DFurnes opened this issue Mar 27, 2017 · 12 comments

Comments

@DFurnes
Copy link
Contributor

DFurnes commented Mar 27, 2017

BUG

Current Behavior

The /v1/api/signups endpoint in Phoenix seems to either timing out or returning 500s.

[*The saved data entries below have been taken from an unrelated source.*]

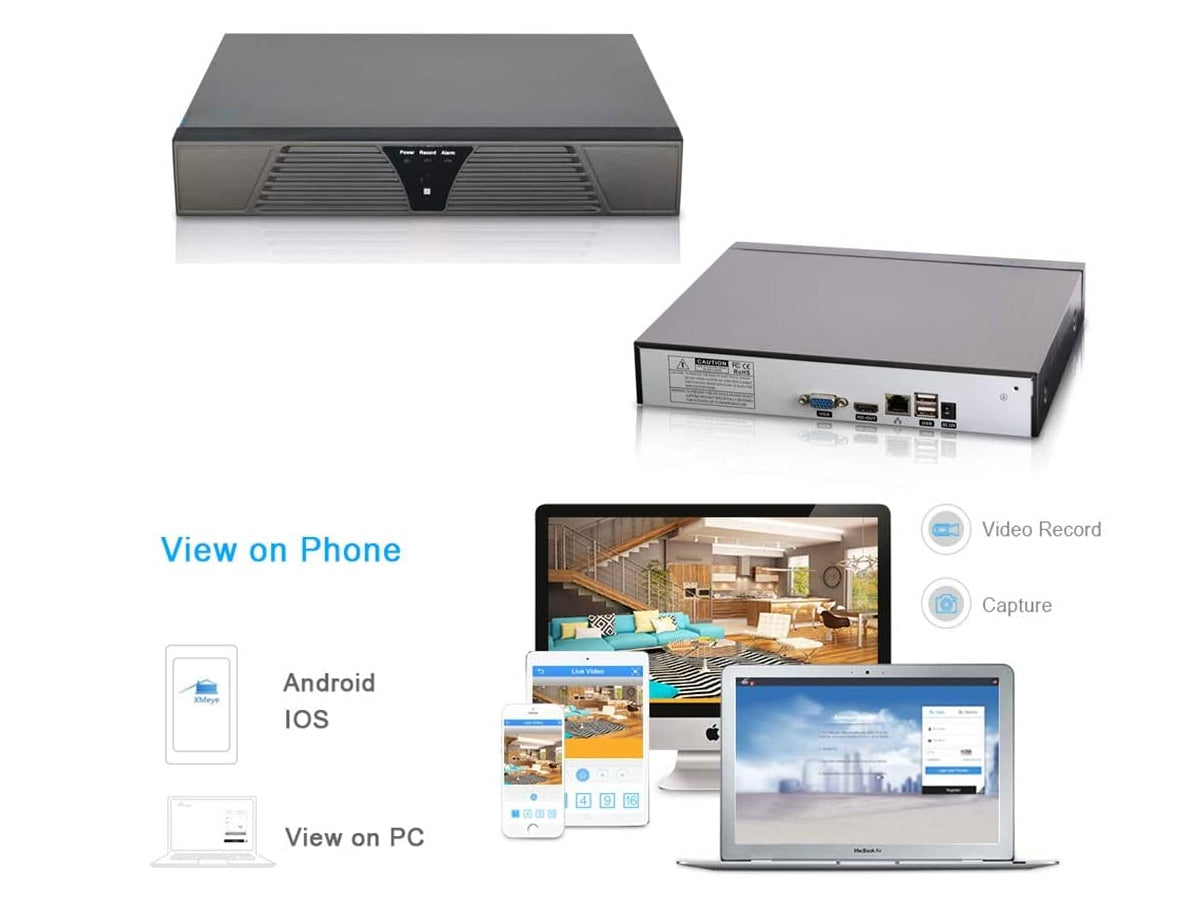 This NVR Security Camera System 8 Ch also provides Cloud P2P function for remote view on smartphones, tablets ( both Android and IOS), and PC.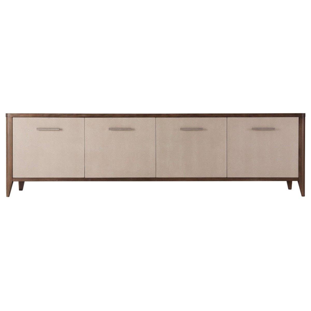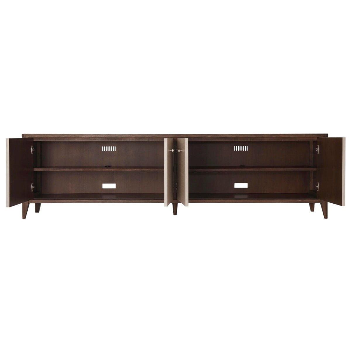 Mangrove wood finish The TA Studio large Media Unit Creswick in Mangrove will supply interior schemes with a subtle, luxurious influence. The mellow colourway softly corresponds with the pared-back style of a contemporary living room or entertainment area. The unit has four sizable cabinets with shelves inside to house all necessary media consoles and entertainment accessories (along with wire management).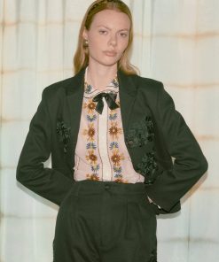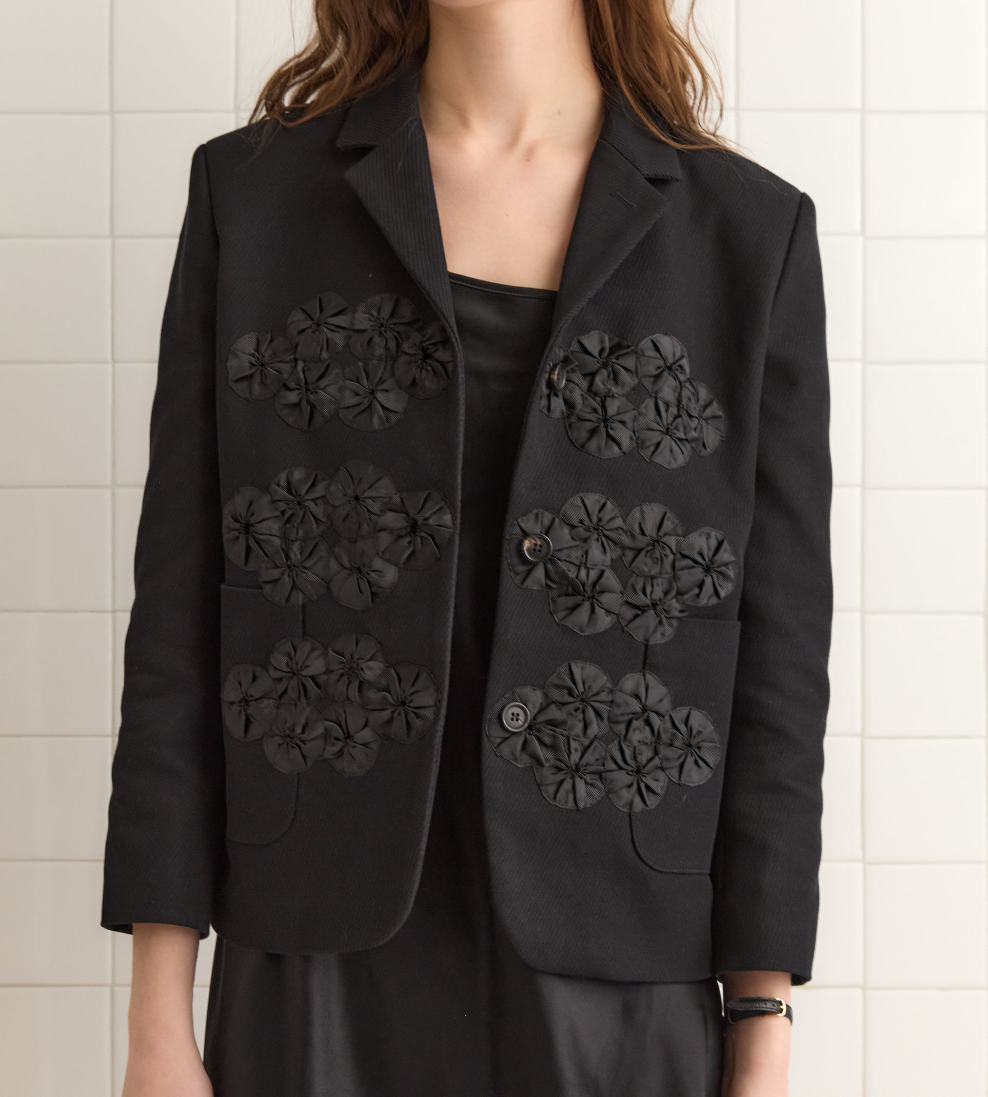 This jacket is inspired by a women’s suit jacket from Italy. We reproduced the silhouette in heavyweight twill, with ribbon appliquéwork across the front buttons.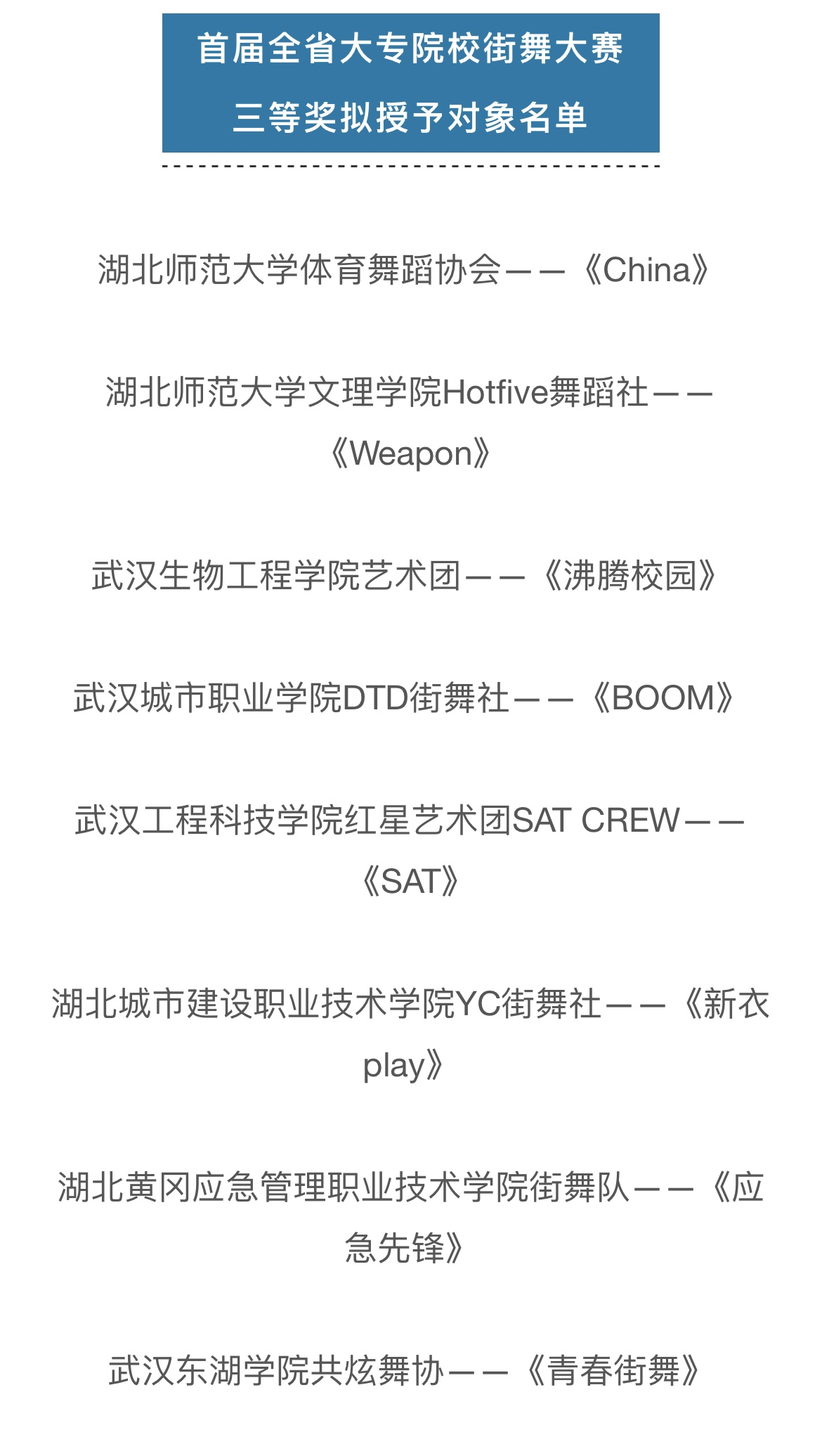 (通讯员:苏祎)引领新风尚,欢悦新时代。9月10日,首届全省大专院校街舞展演在黄冈市遗爱湖公园举办。AK(中国)代表队“Hot Five舞蹈社”的舞蹈作品《weapon》在此次比赛中荣获三等奖。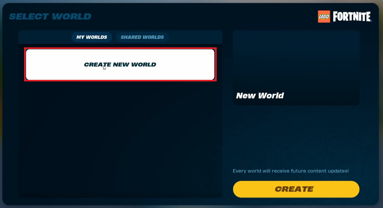Navigate to World Selection: In the Lego Fortnite main menu, find the "Select World" option.

It seems like the timeouts started to occur roughly around the same time that we deployed the fix for #7329 (the diff for that deploy is in links below).

Desired Behavior

It should return a successful response in a reasonable amount of time.

Steps to Replicate

curl "https://www.dosomething.org/api/v1/signups?count=10"
HTTP/1.1 500 Internal Server Error
Content-Type: application/json
X-Drupal-Cache: MISS
Expires: Sun, 19 Nov 1978 05:00:00 GMT
Cache-Control: no-cache, must-revalidate
X-Content-Type-Options: nosniff
X-Frame-Options: Allow-From: http://optimizely.com
Via: 1.1 varnish
Set-Cookie: USDRUP2=us-varnish-1; path=/
Access-Control-Allow-Origin: *
Fastly-Restarts: 1
Content-Length: 2
Accept-Ranges: bytes
Date: Mon, 27 Mar 2017 19:46:57 GMT
Via: 1.1 varnish
Connection: close
X-Fastly-Original: /api/v1/signups?count=10
X-Fastly-Lookup: None
X-Served-By: cache-iad2647-IAD
X-Cache: MISS
X-Cache-Hits: 0
X-Timer: S1490643973.316112,VS0,VE44432
Vary: Accept
X-Fastly-Country-Code-Client: US

Why This Matters

This is causing errors on SMS messaging in Gambit and we want to send a broadcast this afternoon!

💣

Relevant Screenshots + Links

@DFurnes
Copy link
Contributor Author

DFurnes commented Mar 27, 2017

@blisteringherb found the error for the example 500 request that I included above:

PHP Fatal error:  Allowed memory size of 1073741824 bytes exhausted (tried to allocate
16384 bytes) in Unknown on line 0" while reading response header from upstream, client:
104.156.95.47, server: localhost, request: "GET /api/v1/signups?count=10 HTTP/1.1",
upstream: "fastcgi://unix:/run/php/php7.0-fpm.sock:", host: "www.dosomething.org"

@blisteringherb
Copy link
Contributor

Possibly something minor, but is there a chance the wrong data/structure is being sent in here?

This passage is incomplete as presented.